Noah Shavit-Lonstein
Film Club
The Evolution of Jim Carrey, Actor
It’s worth considering Noah’s question regarding Jim Carrey’s transformation from elastic clown to amiable naif in his career. He approaches his early movies, driven by a kind of manic hyperactivity, as if his goal were to become a Tex Avery cartoon character (which he pretty much does in Chuck Russell’s The Mask). But in The Truman Show and Eternal Sunshine of the Spotless Mind (which Film Club will screen in February), he’s more human, more a part of the film, more consistently someone to whom life-changing events happen, and, in the end, more watchable.
It’s also worth noting that Carrey is not the first late-night sketch comedian to make this transition. Watch Bill Murray mug and smirk his way through early films like Stripes, Ghostbusters, Meatballs, and Caddyshack, then note the mellower, wryer, more bittersweet characters that he plays in Rushmore or Lost in Translation. Will Ferrell, too, relied on his ironic clueless, self-absorbed jerk act through movies like Anchorman and Talladega Nights, but turned to a more serious, three-dimensional role in Stranger Than Fiction. Heck, even Adam Sandler, after a number of screechy steroidal arrested-adolescence films like Happy Gilmore and Billy Madison (and Little Nicky, which we’d rather scrub our eyeballs with cleanser on a wire toothbrush than have to watch again), tried to move from the look-at-me medium of feature length sketch comedy to true movie acting in Spanglish. Not successfully, mind you, but he tried.

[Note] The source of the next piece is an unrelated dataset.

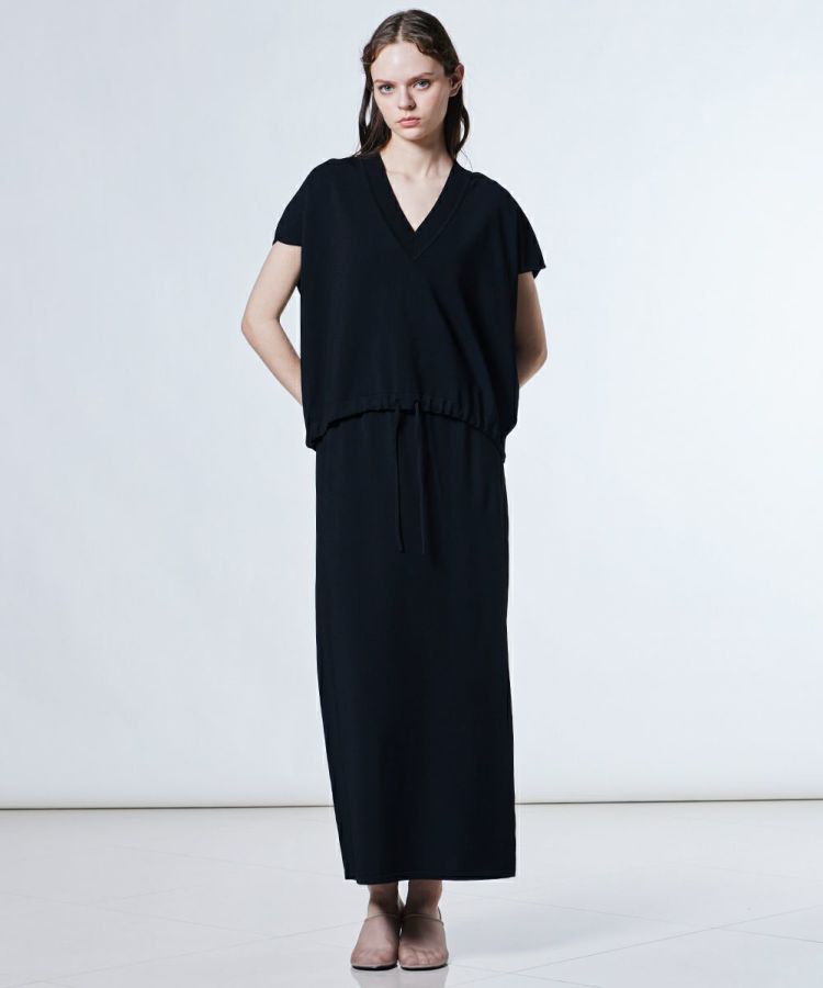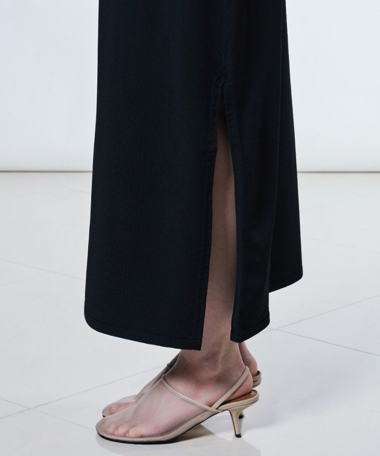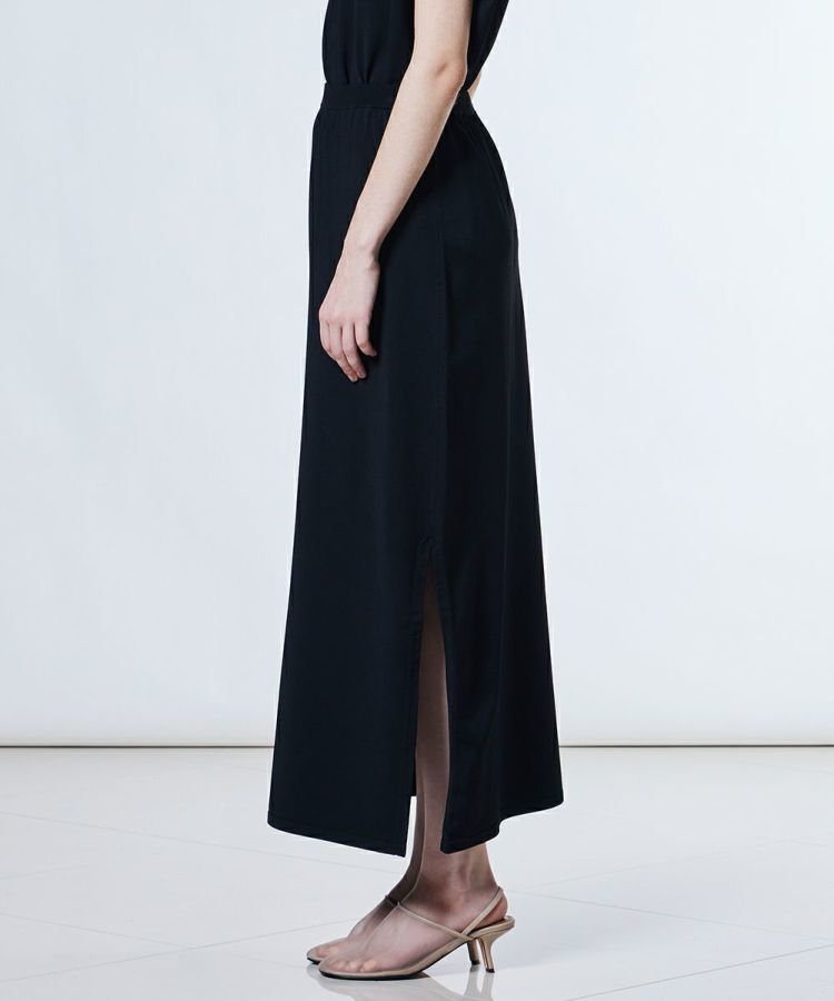 レーヨンとポリエステルの撚糸素材を使用した、なめらかで上品な肌ざわりが魅力のロングスカート。身体のラインを拾いすぎない絶妙なサイズ感で、タイトシルエットが苦手な方にも取り入れやすいデザインに仕上げました。サイドにはスリットを入れて歩きやすさも配慮。同素材のプルオーバー(型番:0309080253)と合わせれば、ワンピースようなセットアップスタイルも楽しめます。

What we learn, perhaps, is that while "Saturday Night Live" and "MADtv" and "In Living Color," post-prime time sketch comedy series, may boost an actor to popularity (especially if the opportunistic comedian comes up with a memorable catch-phrase), it’s still a long way to serious acting. In fact, said comedian may be hampered by the kind of characters one develops in those kind of shows – they tend to be one-dimensional, built on a idiosyncratic characteristic, and a bit improvisational. As you watch Truman, take note of Carrey’s ability to blend himself into the texture of the film and to use his usually plastic face more subtly, showing Truman’s struggle with confusion, alienation, and adversity. Compared to Fire Marshall Bill, he’s almost a different species.